Rational Decision-making

As an individual, you are free to make emotional decisions. You can decide to evict some software product from your laptop because you don’t like the vendor’s nationality or stance on today’s hot-button social issue. As an IT professional, you can even set up an open source solution that does almost the same (though invariably with worse UX) in a few days.

But as an IT leader, you are expected to make rational decisions. That’s why you don’t throw out all your Amazon, Microsoft, or Google Cloud on a whim because you are unhappy with U.S. policy. The rational choice is to minimize your risk. That means building new systems outside U.S. clouds so you don’t add to your problems. And migrating away from disfavoured platforms in an orderly, cost-effective manner.

Measuring Productivity

How do you measure productivity? The research suggests that, with AI tools, perceived programmer productivity increases, while objective productivity decreases. In addition, maintainability decreases as more of your code base has never been seen by the human sent in to clean up the AI-generated messes.

That should indicate that we need to prove a massive increase in productivity to justify the use of AI tools. But how to measure it?

Lines of Code (LoC) was already a bad measurement. In the days of AI, it is a totally random measure, and a higher LoC might just as well indicate a decrease in functionality as an increase.

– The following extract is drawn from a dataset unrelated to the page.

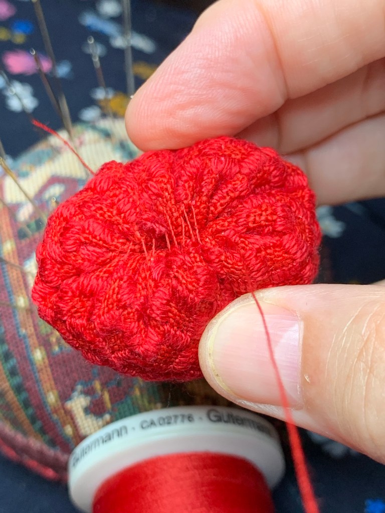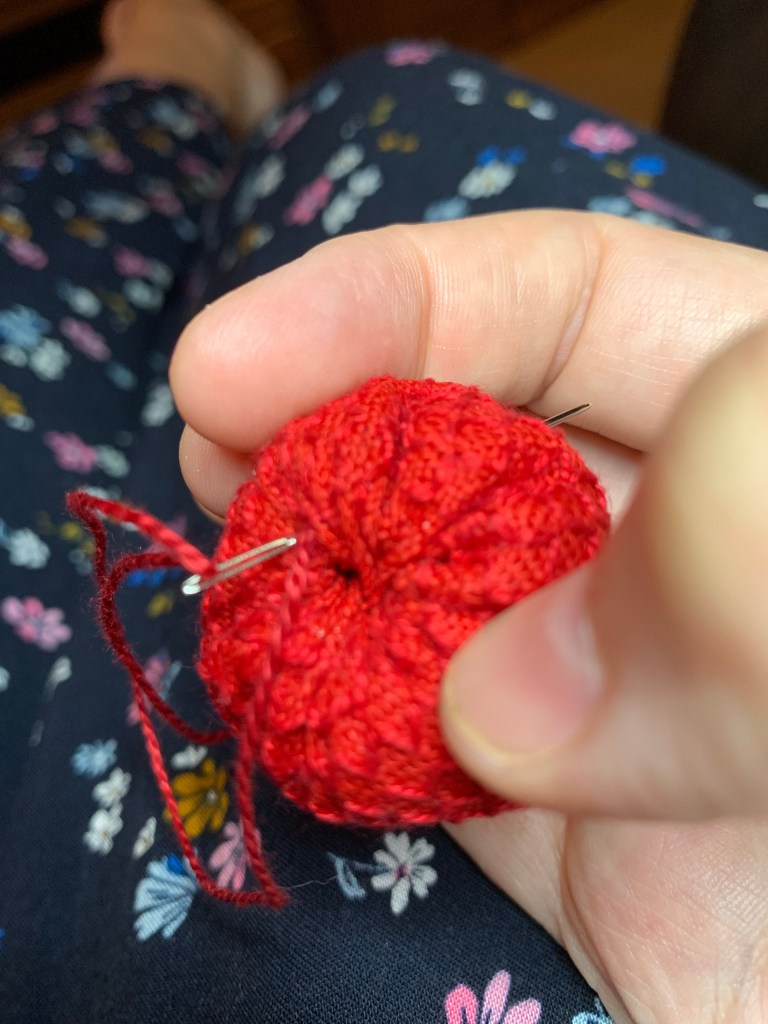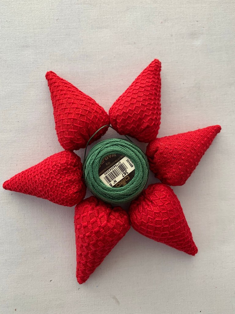 Using a large tapestry needle, bury the ends of the threads used to gather the top. Pull the thread tight before you snip. The end will pop into the strawberry and will not be visible. Using a matching thread (I used Gutermann) and a small needle, secure the opening and any exposed raw edges using a ladder stitch. Start by loosely stitching 4 or 5 stitches. Pull the stitches right, closing the gap and burying any raw edges. tie ends off and bury the ends into the strawberry. Found some nice green DMC perle 8 for the leaves

If you’re in the big enterprise/government world, you might use Function Points or Use Case Points. If you are running Agile, you can use team velocity (within each team). Ideally, you would measure business value. Unfortunately, few organizations can articulate and calculate the business value of their IT.

If you want to argue that AI tools increase productivity, you need to put a number on the productivity you claim to increase.

Meet People in Real Life

Your happiness, health, and longevity are strongly influenced by the strength of your relationships. You need to meet people in real life – online connections have only a small fraction of the effect of meeting someone face to face.

If you live alone, it is even more important to take your social connections seriously. Over time, unless you continually work to renew your relationships, they will weaken. If you don’t have any close relationships, cultivate some. Join a sports club or volunteer in an organization. Doing something physical together with someone is an easy first step to building a relationship.

Did you meet with friends or family this week? If not, make plans to meet someone this weekend.

Sovereign Cloud

You need to create a delay between a foreign government ordering your cloud provider to cut you off and the actual cutoff. The longer you can make this period, the better. The new AWS European Sovereign Cloud (ESC) is Amazon’s way of offering this. That is a cloud solution running on hardware in Europe, staffed by Europeans, organized under a European daughter company.

That does not protect you against Amazon being compelled by the U.S. government to hand over your data, but all important data should be protected with keys you hold, outside your cloud provider, anyway. But it does make it likely that AWS Europe would contest an order to shut down the service, and that AWS Europe employees would not cut you off at the whim of a foreign dictator.

Because the probability of this happening is still “Rare” (edging towards “Unlikely”), you do not need to act on this risk now. But it is prudent to ensure you have time to react if it should happen.